Especial Palestina: O drama das crianças presas pelo governo israelense

12 minutos atrás

Em primeira reportagem de série sobre violações aos direitos humanos na Palestina, Ponte entrevista menina de 14 anos que passou 4 meses numa prisão em Israel

Polícia israelense prende menino de 11 anos acusado de atirar pedras em Jerusalém Oriental | Foto: Majd Gaith/Human Rights Watch

Eu estava andando para a escola quando um carro da segurança do assentamento tentou me atropelar. Eu desmaiei. Quando acordei, havia uma faca do meu lado e eu estava cercada de pessoas perguntando porque eu tinha uma faca. Fizeram de um jeito que era para parecer que eu tinha uma faca. Eu estava algemada no chão e eles me chutavam e gritavam comigo o tempo todo. Eu falei para eles que eu não tinha uma faca.*

A menina K. tinha 14 anos quando isso aconteceu em uma manhã de dezembro de 2015. A criança foi detida e oito dias depois a corte militar israelense a condenou a 4 meses de prisão e pagamento de 5 mil shekels (cerca de R$ 4.300). Em 2015 houve um aumento no número de crianças palestinas presas após a onda de violência iniciada em outubro. Segundo a ONG Adameer, 156 menores foram presos em 2014 e outros 470 só em 2015; 2016 terminou com 400 menores palestinos presos por autoridades israelenses, meninos em sua maioria.

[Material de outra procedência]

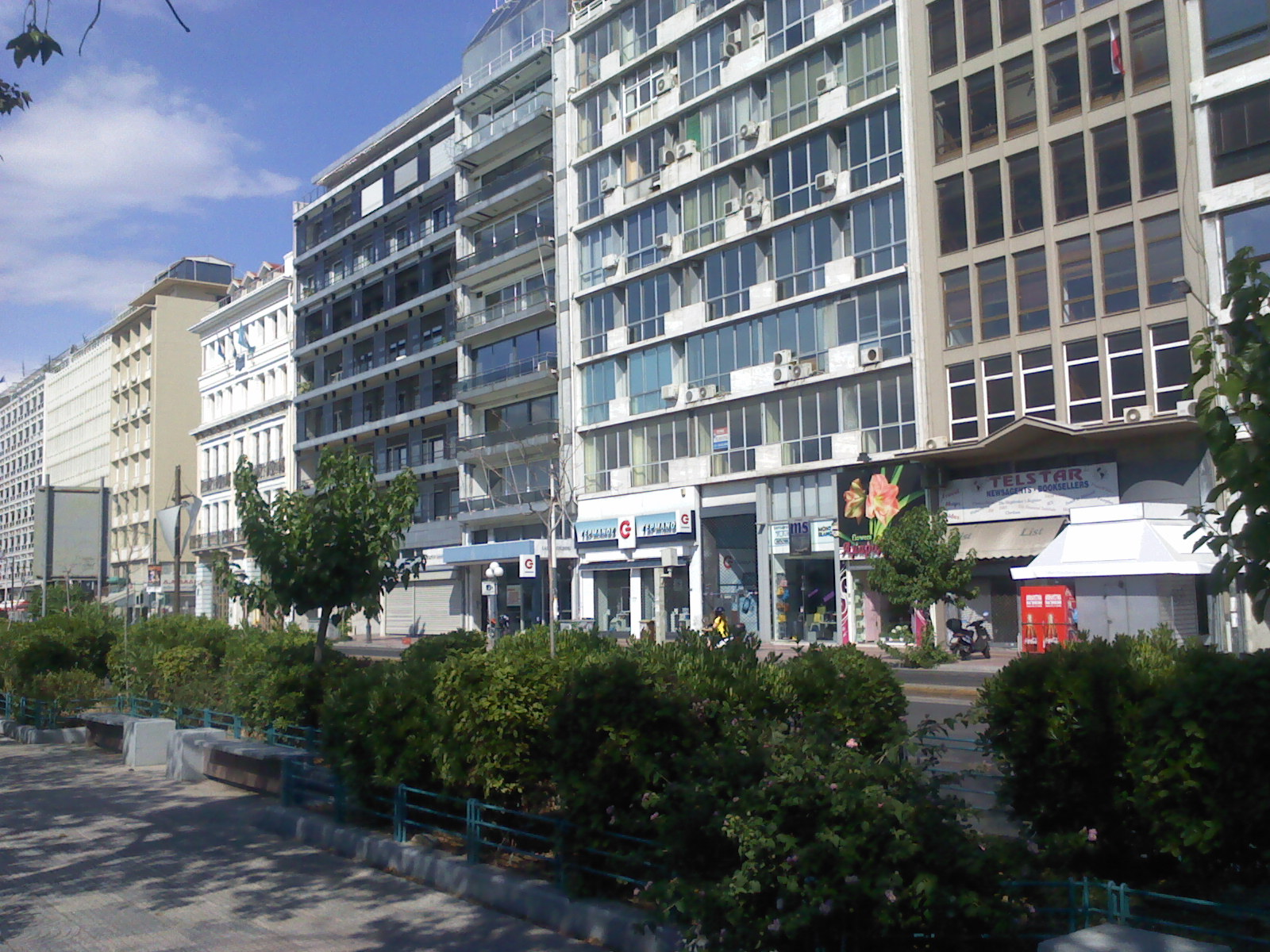 Naval companies in Troumpa

Levantamento de outra instituição, a ONG Defense For Children International – Palestina (DCI – Defesa de Crianças Internacional, em tradução livre) mostra que 2016 foi o ano com mais mortes de crianças palestinas por forças israelenses da última década: 32 mortos na Cisjordânia e Jerusalém Oriental.

Os palestinos que vivem na Cisjordânia estão sob as leis militares israelenses desde 1967, quando o território foi ocupado na Guerra dos Seis Dias. Já os colonos que moram em assentamentos estão sujeitos ao sistema legal civil de Israel. As leis militares aplicadas na Cisjordânia permitem que uma criança a partir de 12 anos seja presa. Dos 12 aos 13 anos, palestinos estão sujeitos a uma pena máxima de 6 meses; dos 14 aos 15, são potenciais 12 meses na prisão, com a exceção de crimes com sentença de 5 anos ou mais. Em 2011, o comando militar israelense aumentou a maioridade em seu sistema dos 16 para os 18 anos. Entretanto, palestinos na faixa de idade de 16 a 17 ainda são sujeitos às mesmas sentenças que adultos.

Segundo a ordem militar 1651, atirar “objeto, incluindo uma pedra” em uma pessoa, propriedade ou veículo, com a intenção de causar danos, pode levar a uma sentença de até 10 ou 20 anos de prisão. A razão mais comum para a prisão de crianças é justamente a acusação de atirar pedras em alvos militares ou assentamentos.

Naquela manhã, K. diz que foi retirada do chão por um segurança que, ao colocá-la no carro, bateu sua cabeça fortemente contra o veículo. “Ele estava falando muitos palavrões e coisas muito feias em árabe. Eu fiquei muito nervosa e respondi para ele”, conta a menina, em entrevista realizada pela Ponte em novembro do ano passado. Ela foi levada para outra estrada, dentro do assentamento, onde foi colocada no chão novamente e interrogada por cerca de 30 minutos.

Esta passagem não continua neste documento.